[Dataset records Boundary: Start]
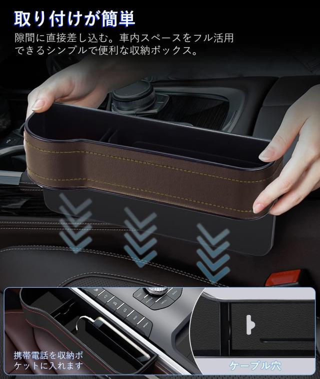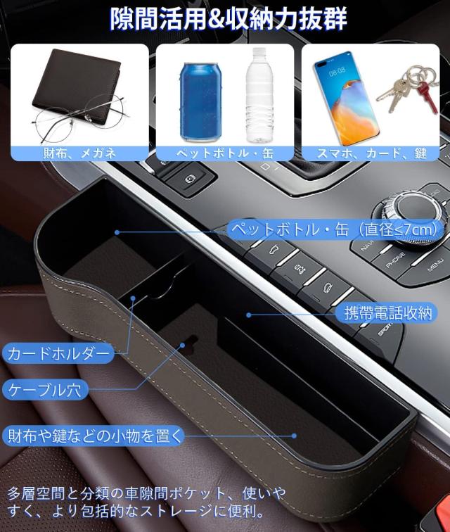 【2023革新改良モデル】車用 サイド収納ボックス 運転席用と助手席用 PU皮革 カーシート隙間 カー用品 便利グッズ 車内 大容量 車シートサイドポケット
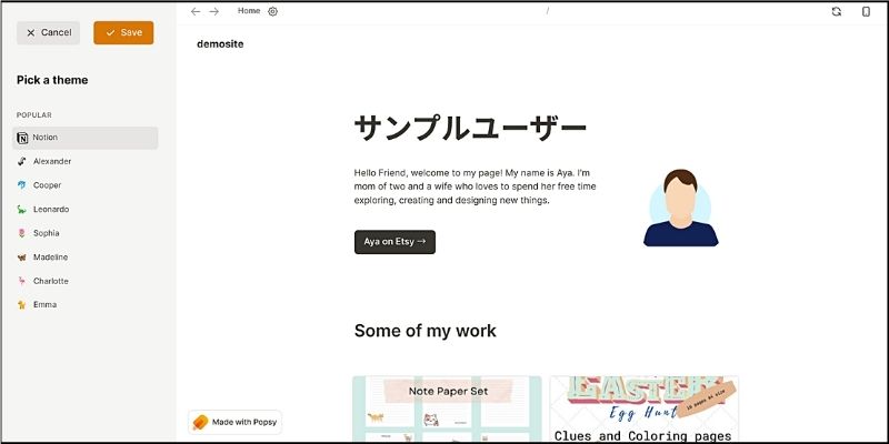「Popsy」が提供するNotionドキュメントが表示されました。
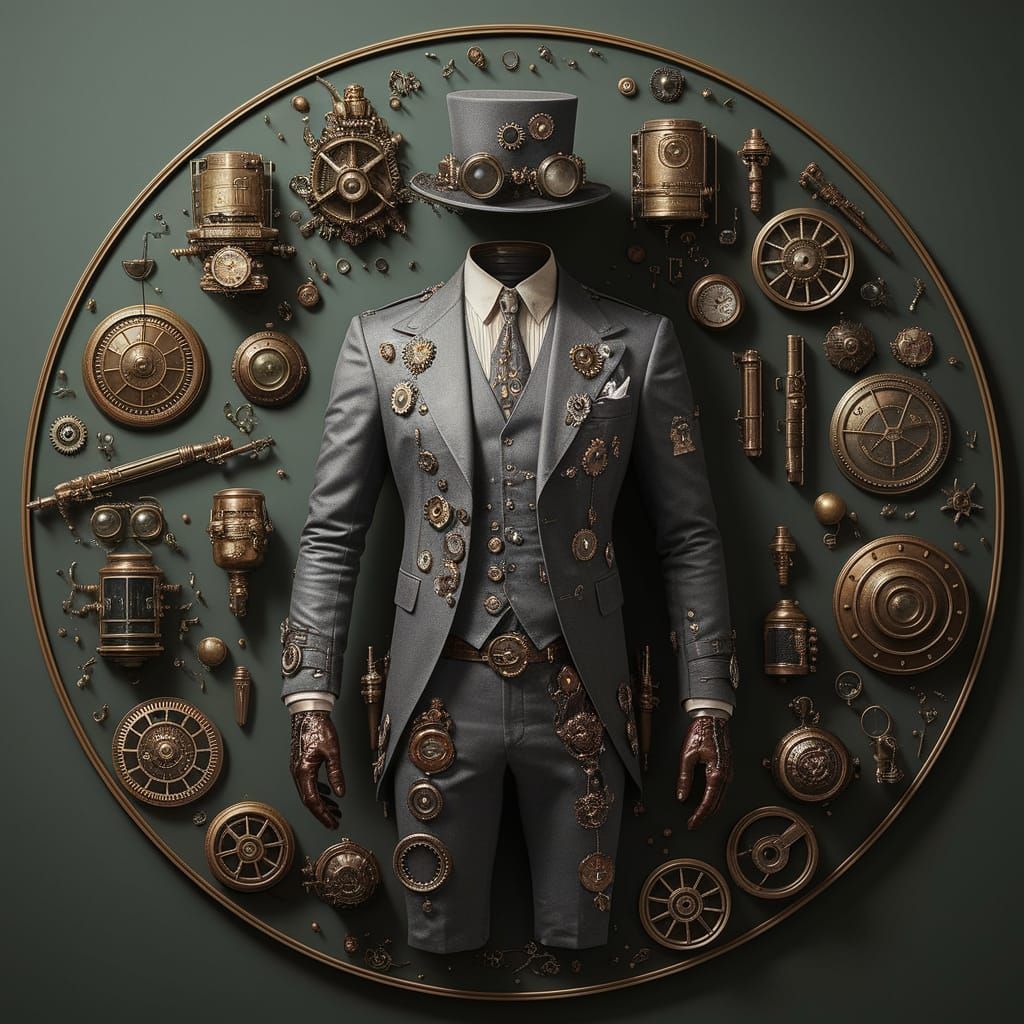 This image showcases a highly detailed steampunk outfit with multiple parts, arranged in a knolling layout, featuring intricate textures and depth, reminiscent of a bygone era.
[Dataset records Boundary: End]
[Dataset records Boundary: Start]
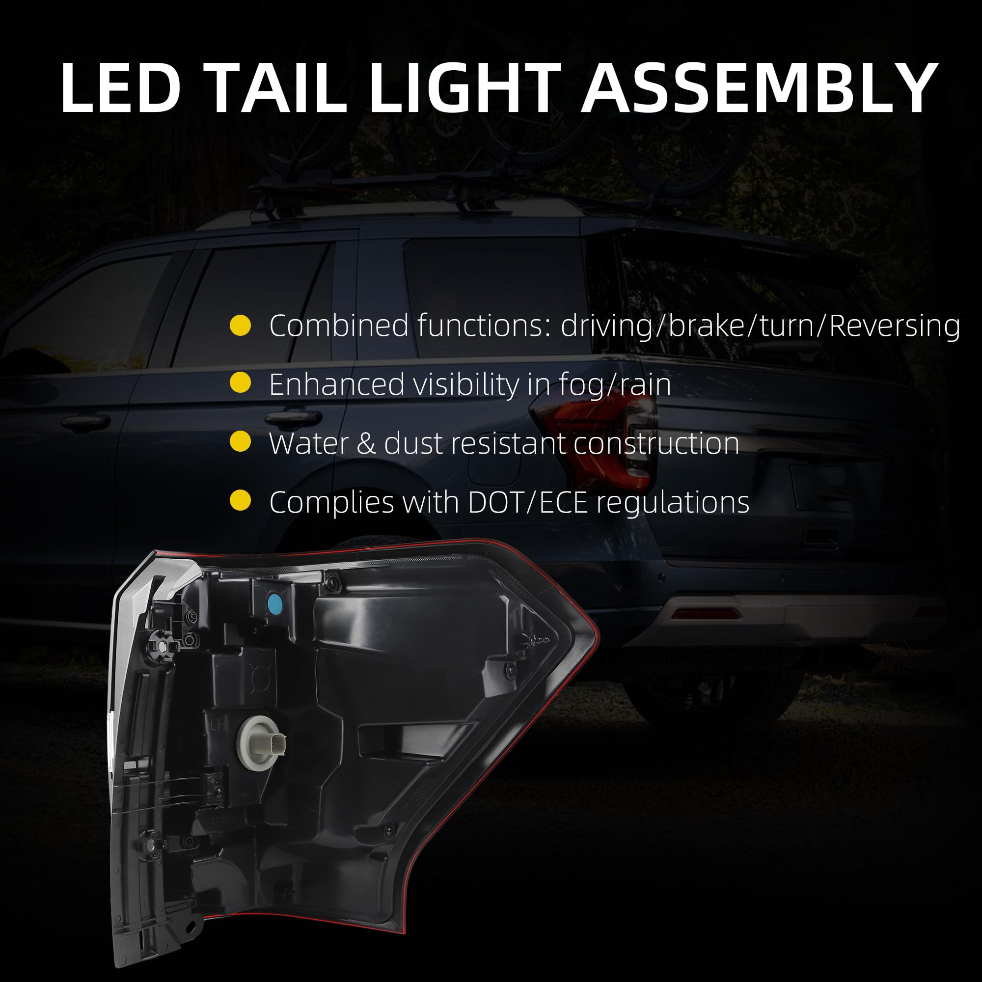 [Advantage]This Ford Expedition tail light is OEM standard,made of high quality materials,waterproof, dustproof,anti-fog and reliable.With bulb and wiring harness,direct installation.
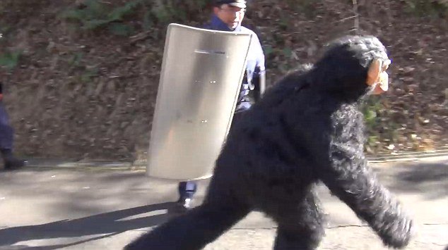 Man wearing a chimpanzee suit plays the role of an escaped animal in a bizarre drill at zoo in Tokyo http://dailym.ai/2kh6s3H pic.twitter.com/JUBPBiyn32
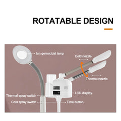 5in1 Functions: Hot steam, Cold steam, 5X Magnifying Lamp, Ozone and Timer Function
[Dataset records Boundary: End]
→ **Aim of the task**: Using the data above, output the line that has "[Advantage]This Ford Expedition", the line that has "5in1 Functions: Hot", and whatever lines fall between, each exactly as it stands and without pictures.

→ **Exercise result**:
 [Advantage]This Ford Expedition tail light is OEM standard,made of high quality materials,waterproof, dustproof,anti-fog and reliable.With bulb and wiring harness,direct installation.
 Man wearing a chimpanzee suit plays the role of an escaped animal in a bizarre drill at zoo in Tokyo http://dailym.ai/2kh6s3H pic.twitter.com/JUBPBiyn32
 5in1 Functions: Hot steam, Cold steam, 5X Magnifying Lamp, Ozone and Timer Function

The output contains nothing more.